Now comes a related issue, namely the appointment of Brett Kavanaugh, President Trump’s new designee to SCOTUS. The Democrats are already screeching about the need for any non-leftist nominee to SCOTUS to swear allegiance to Stare Decisis — namely a strong respect for previous court decisions when considering new cases. What today’s Democrats won’t tell you is that same argument was made by Democrats in the mid- 19th Century to support chattel slavery, namely in the Dred Scott decision (1857).

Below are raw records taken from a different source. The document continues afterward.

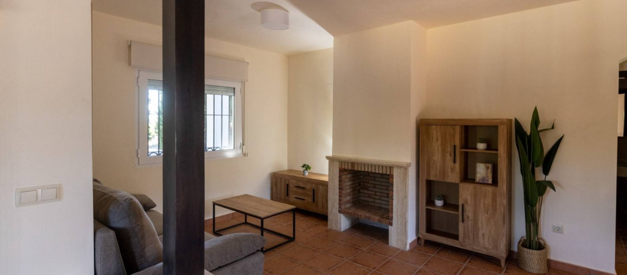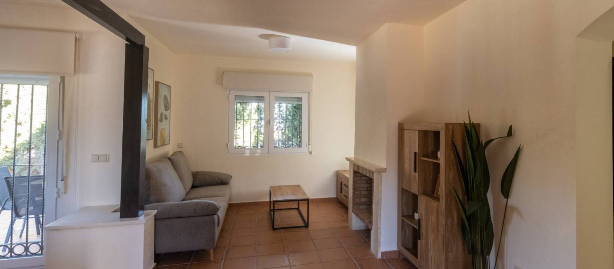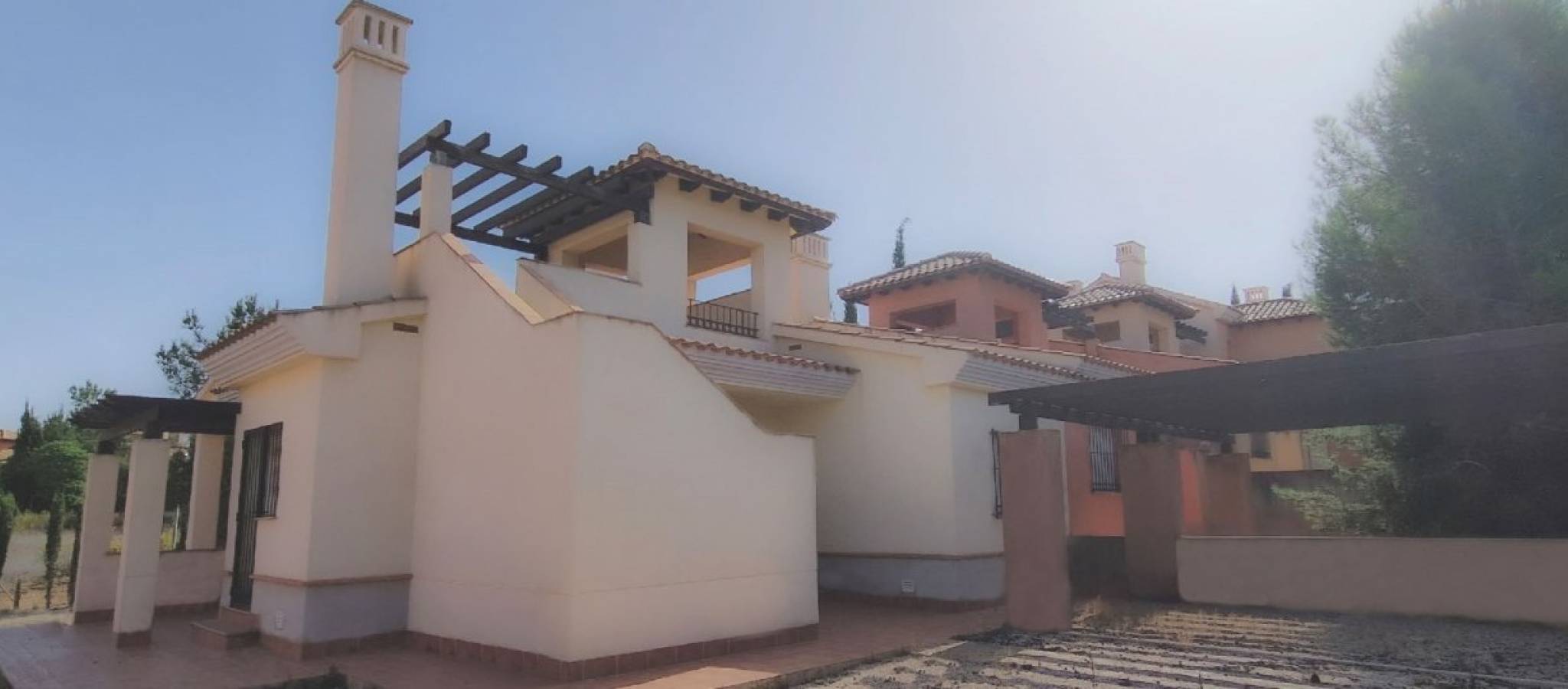 KEY READY SEMI-DETACHED VILLA IN FUENTE ALAMO, MURCIA Residential of townhouses, independent and semi-detached villas in Fuente Álamo, Murcia. There are seven different models of houses to choose from, designed to suit everyone’s taste. Rustic designs combined with top quality materials and a focus on comfortable living space there is something for everyone. The residents of this private community of beautiful, spacious homes will also be able to enjoy their own communal gardens and swimming pools. This unusual design semi-detached villa has 2 bedrooms and 1 bathroom, independent kitchen, living room with patio doors leading onto the covered porch and semi covered roof top terrace. An options for a private pool at an extra cost. Fuente Álamo de Murcia is a town and municipality in the Region of Murcia, southern Spain. It is situated 22 km northwest of Cartagena and 35 km south west of Murcia. The town lies in the basin of the Mar Menor surrounded by the mountains of Algarrobo, Los Gómez, Los Victorias and the Carrascoy. The water from these mountains flows down into the Rambla de Fuente Álamo and then onto the Mar Menor. Fuente Álamo located 30 minutes from Murcia - Corvera airport.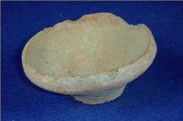 | Description / विवरण | Small terracotta bowl with narrow flat base and slightly inverted rim, which is partially flaked off. Its outer surface is rough while inner surface is plain. |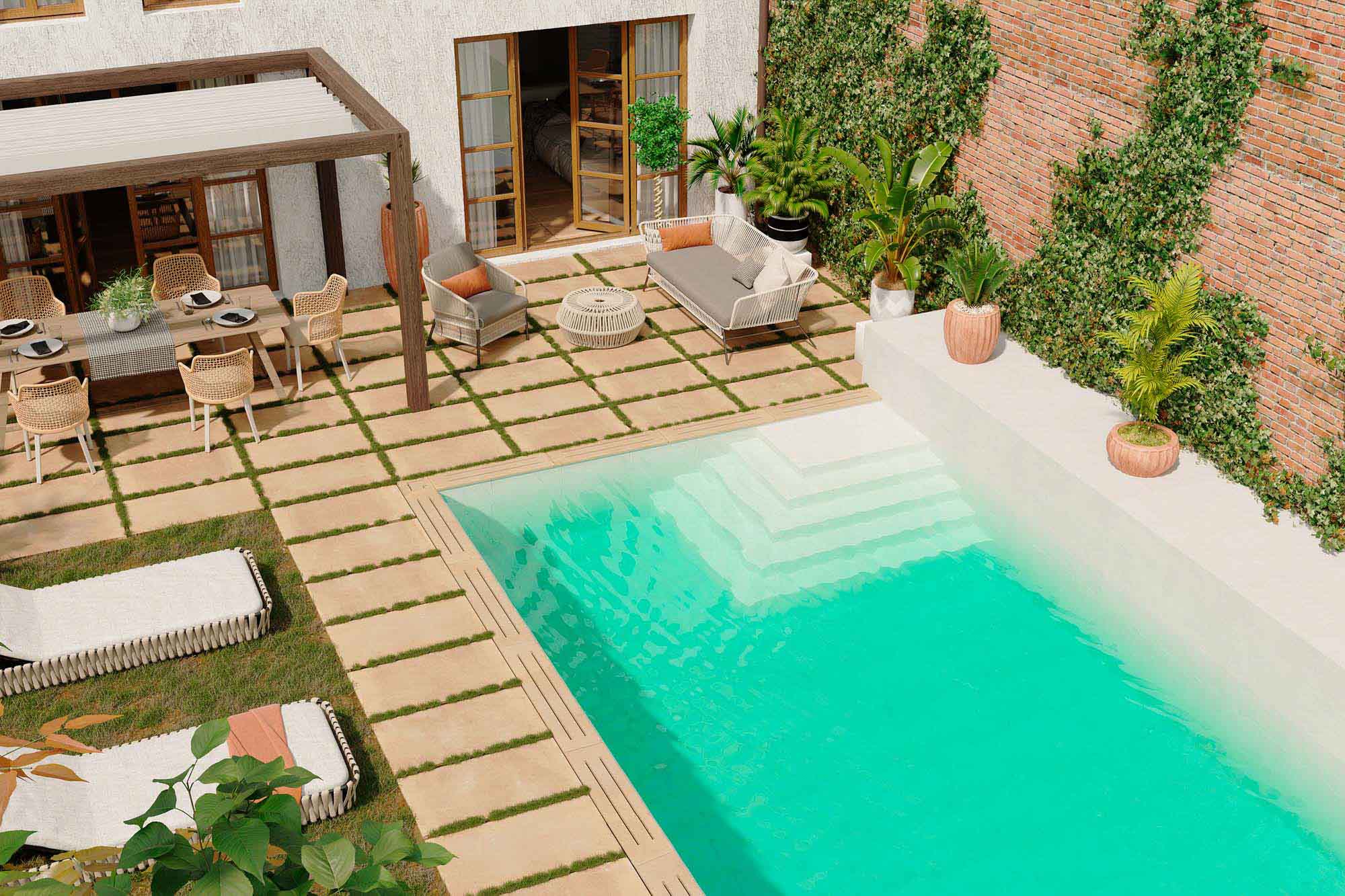 En primer lugar, su resistencia al desgaste y a la humedad los hace ideales para espacios de alto tránsito y zonas húmedas, como baños, cocinas y exteriores. Además, son resistentes a las manchas y fáciles de limpiar, lo que los convierte en una opción de bajo mantenimiento, ideal para hogares modernos y espacios comerciales.

So we can expect the Democrats to base their fundamental opposition to Kavanaugh on the possibility that Roe v. Wade might be reversed by a SCOTUS that increasingly restricts itself to its Constitutional role. Namely a role that’s rightly termed conservative, a role that all should demand of this and all courts regardless of judges’ political beliefs. But it’s long past time that the left realizes that this door swings both ways. It’s true that SCOTUS could decide that Roe v Wade was an over-reach by the 1973 Burger Court. And that the increase in biological knowledge over the intervening years makes it clear that the fetus is nothing if not a human being – thus entitling her to Constitutional protection under the 14th Amendment against all who would harm it, including its mother.
For those who support abortion-on-demand, they could take reasonable solace in the fact that if the overreach of Roe v. Wade was reversed, each State could decide for itself what it wants in terms of abortion – unless folks in those States come to realize how much more we know now than we did fifty years ago. But regardless of this one highly emotive example of a past SCOTUS over-reach, we could all, left, right and center, take solace in knowing that our federal courts are returning to their proper role – as envisioned by Hamilton – as the least threatening branch of government. Bottom line is that it’s past time to roll back the left’s decades-long efforts to usurp the Constitution of the United States via an un-elected, politically activist judiciary.